Wherever "McMRF" shows up in the records below, copy the whole line.
*** Data for analysis ***
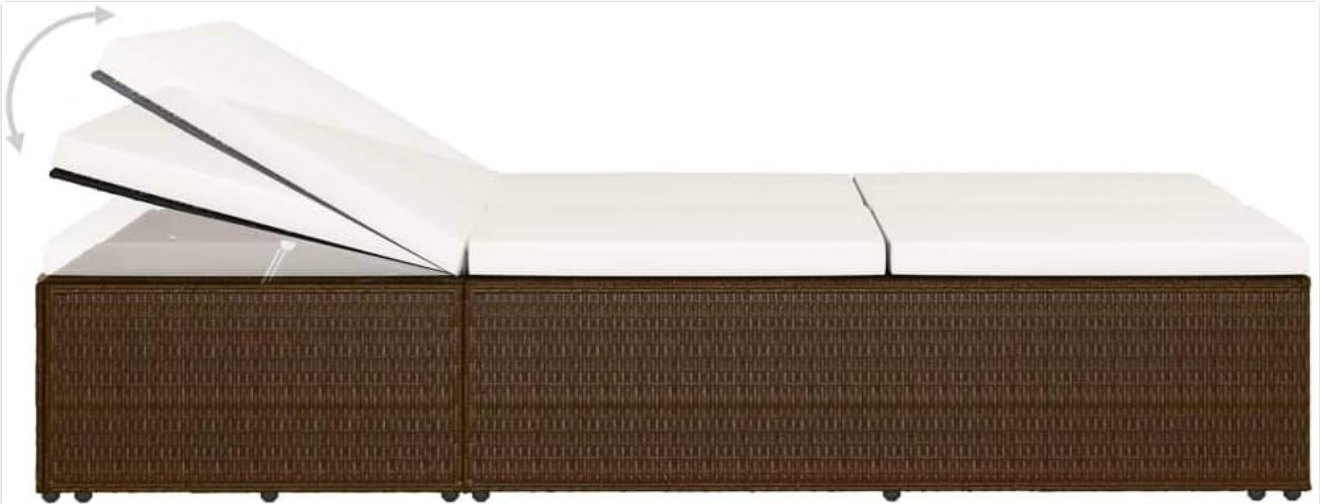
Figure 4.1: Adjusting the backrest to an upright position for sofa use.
*** End of Data for analysis ***
*** Data for analysis ***
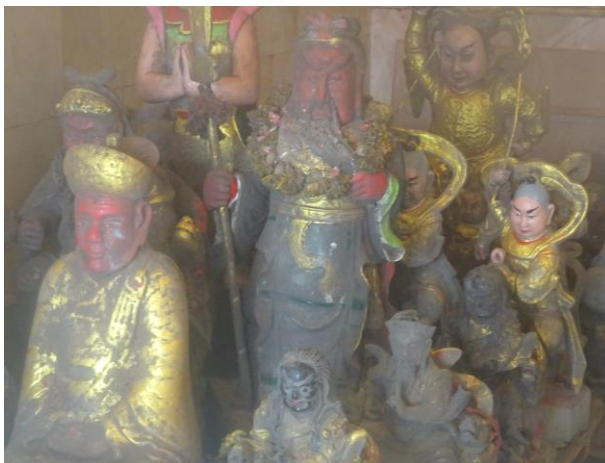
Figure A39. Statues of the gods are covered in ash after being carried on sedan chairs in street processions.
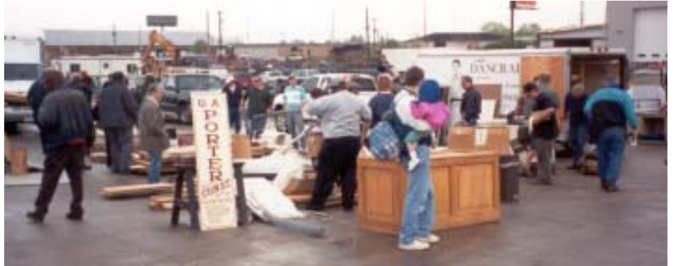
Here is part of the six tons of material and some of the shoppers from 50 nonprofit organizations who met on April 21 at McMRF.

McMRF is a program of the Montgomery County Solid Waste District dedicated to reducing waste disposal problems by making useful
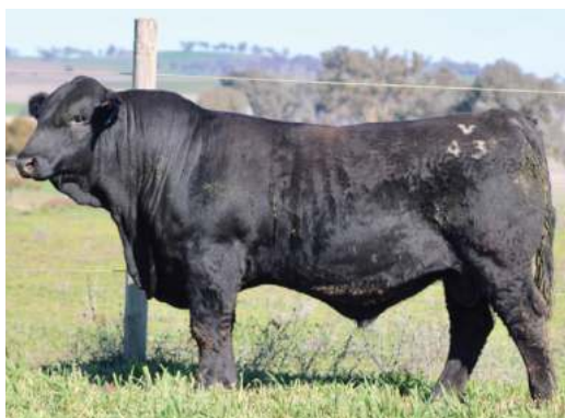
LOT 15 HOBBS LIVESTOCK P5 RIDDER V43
*** End of Data for analysis ***
• **Result**:
Here is part of the six tons of material and some of the shoppers from 50 nonprofit organizations who met on April 21 at McMRF.
McMRF is a program of the Montgomery County Solid Waste District dedicated to reducing waste disposal problems by making useful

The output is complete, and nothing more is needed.